- Вот и хорошо, что прибыли, Борисов, - сказал он, когда я вошел в землянку, где недавно разместился командный пункт полка, и отрапортовал по форме. - Получите приказ явиться в Адмиралтейство к такому-то, - и он назвал фамилию.
Меня как громом поразило это сообщение. Больше всего на свете мне не хотелось покидать полк и своего командира.
- Василий Иванович, - сказал я, от неожиданности забыв об уставной форме, - разрешите узнать: неужели меня от вас забирают?
Командир посмотрел на меня иронически, покачал головой. По-видимому, уж очень жалобно прозвучал мой голос.
- Не думаю, Борисов. Хотя машин сейчас у нас маловато, но скоро получим. А народ в недоборе. Вызывают по делу - и баста, там узнаете. Вернетесь в Б.
Я зашел к себе на квартиру. Перед зеркальцем брился летчик нашего сто пятого, мой командир, мой Вася Калугин.
- Как дела? - спросил я, стараясь казаться спокойным.
- Паршиво. Вчера бомбил нас… А ты опять уезжаешь, Борисов? Ну и ладно: нет хуже сидеть без дела. Только тем и заняты, что перебазируемся… Сводку читал?
- Читал.
- Невеселая сводка, но вот, веришь, убежден, что не сегодня-завтра его тяпнут. Ведь это все от неожиданности, оттого, что он первый ударил… Эх, Сашка, черт, - горячась, заторопился Калугин, - не дойдет он до Ленинграда, не бывать этому… Ты своих эвакуировал? А я бы не трогал с места: мы же в конце концов его разобьем, Саша!
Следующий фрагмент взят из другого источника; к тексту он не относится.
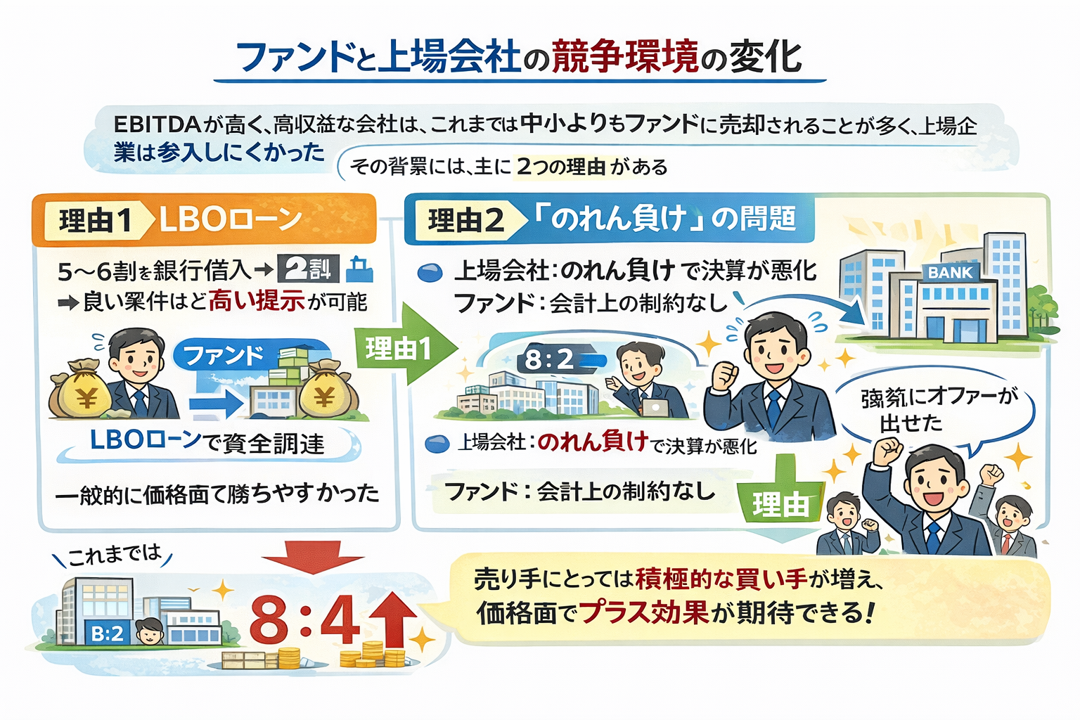 そのため、良い案件には、一般論としてファンドの方が高い金額を提示してきます。上場会社もシナジーが強く働けば高い提示をしますが、基本的にはファンドに勝てないことが多いのです。
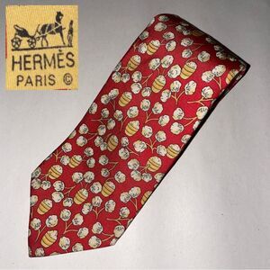 Hermes 100% Silk Tie Red Novelty Print Hops Beer Brewing
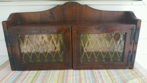 Title (ebay affiliate link): Vintage antique walnut wood cupboard yellow embossed glass doors
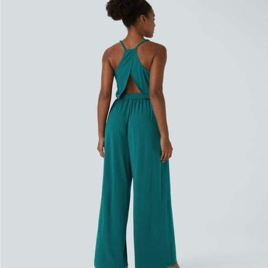 NWOT SIZE XL HALARA Green Jumpsuit with Elegant Wide-Leg Design
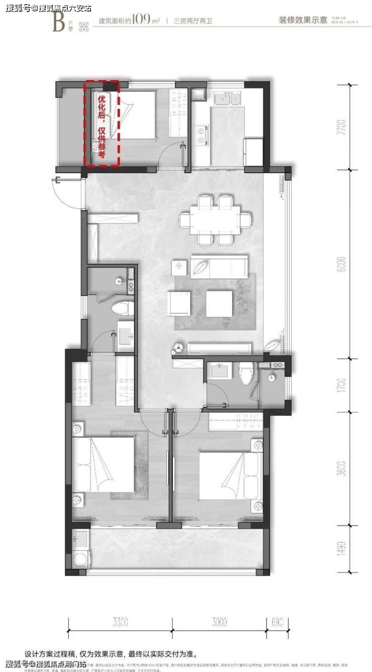 建面约109㎡三房两厅两卫户型。
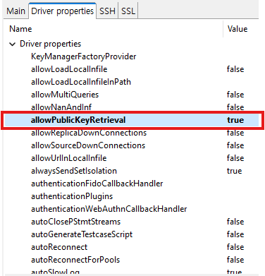 2. allowPublicKeyRetrieval의 value를 true로 바꿔줍니다
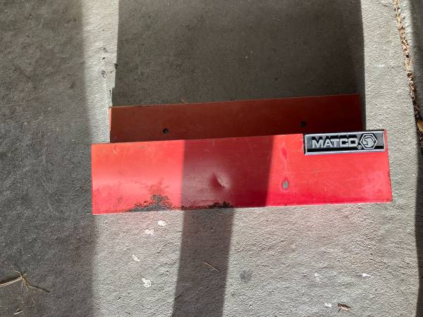A Matco tool box side bin/tool holder. Fits spray cans nicely. Has holes for mounting it with bolt and also a lip for hanging it off the ledge of your tool box.
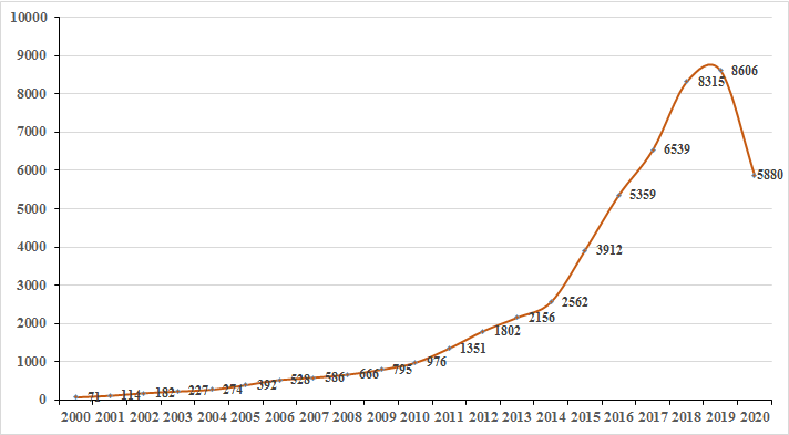 (受公开滞后影响,2020年专利数据不完整,统计数据截止至2020年10月底)

- Одного не понимаю: за каким чертом меня вызывают? Ежели в другую часть - не пойду, хоть на губу, а не пойду! - сказал я, думая о своем.
Налив на край вафельного полотенца одеколону, Калугин вытер кирпично-красное от загара лицо и широкую короткую шею.
- Никуда тебя не заберут. Как в городе? - спросил он.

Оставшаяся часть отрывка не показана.